# Proud of my mutts



## georgia estes (Nov 3, 2009)

Small brag, last weekend I won the Texas K9 Classic Defense with my donovan pinscher, Cobra, and I got 2nd in the Secure division with my malinois, Seven. I was up against some really nice dogs, one of Megan Bays' in particular who is a monster. I won a really nice sleeve but I don't know what to do with it hahaha. Anywho, I'm proud of my mutts.


----------



## Nicole Stark (Jul 22, 2009)

Congrats


----------



## Thomas Barriano (Mar 27, 2006)

Sell the sleeve and buy Cobra and Seven some steaks


----------



## Dave Martin (Aug 11, 2010)

Big Congrats!

Anyone get video of either dog? Slowly learning about PSA..


----------



## Bob Scott (Mar 30, 2006)

Excellent job!


----------



## Joby Becker (Dec 13, 2009)

congrats.

PSA event? or PP event?


----------



## Drew Peirce (Nov 16, 2006)

Megan Bay's dog who was a monster?
Do tell.......


----------



## Dave Colborn (Mar 25, 2009)

I agree with Thomas. Sell sleeve. Buy steaks.

Congrats!!!


----------



## brad robert (Nov 26, 2008)

Congrats nice job!!! And the dog in the pic looks evil


----------



## Brian Anderson (Dec 2, 2010)

Drew Peirce said:


> Megan Bay's dog who was a monster?
> Do tell.......


I second this?


----------



## georgia estes (Nov 3, 2009)

My bad, the dog is from land of oz knpv stuff. His next pup is coming from Megan. I got confused, either way he's a hell of a nice dog. Here he is escorting. The next two were taken at the event. It's my dog Seven being sent. If I knew how to get a video off Facebook I'd post it here.


----------



## Ted Summers (May 14, 2012)

georgia estes said:


> My bad, the dog is from land of oz knpv stuff. His next pup is coming from Megan. I got confused, either way he's a hell of a nice dog. Here he is escorting. The next two were taken at the event. It's my dog Seven being sent. If I knew how to get a video off Facebook I'd post it here.



Our new dutchie is out of that line of Land of Oz J litter sires. Jett, Jack (my guys sire), and I think Jager are all Somkie son's and all 3 are friggin' gnarley. Correct me if I'm wrong but is that not Odin and Kerry???

Congrats by the way..... major kudos \\/


----------



## Alison Grubb (Nov 18, 2009)

Congrats!!


----------



## georgia estes (Nov 3, 2009)

Ted Summers said:


> Our new dutchie is out of that line of Land of Oz J litter sires. Jett, Jack (my guys sire), and I think Jager are all Somkie son's and all 3 are friggin' gnarley.

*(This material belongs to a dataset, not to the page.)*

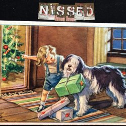 Curt Nyström pojke och hund med paket

Correct me if I'm wrong but is that not Odin and Kerry???
> 
> Congrats by the way..... major kudos \\/


Yep, Odin is a Jett son. He got his psa 1 and is going for his 2 which I bet he will have soon. That dog is super nice. He beat me at the K9 Showdown at billy bobs texas, I got 3rd he got 2nd. We are always neck and neck lol


----------



## kerry engels (Nov 7, 2010)

Joby Becker said:


> congrats.
> 
> PSA event? or PP event?


 
It was a PP event put on by these folks http://www.texask9teamclassic.com/#!/page_Home. 

Here is a short video of the scenarios. http://vimeo.com/61681133


----------



## Faisal Khan (Apr 16, 2009)

Congrats Georgia, Kerry and Michael. Kerry did you get a new truck!


----------



## kerry engels (Nov 7, 2010)

Faisal Khan said:


> Congrats Georgia, Kerry and Michael. Kerry did you get a new truck!


 
LOL, no it was there truck.


----------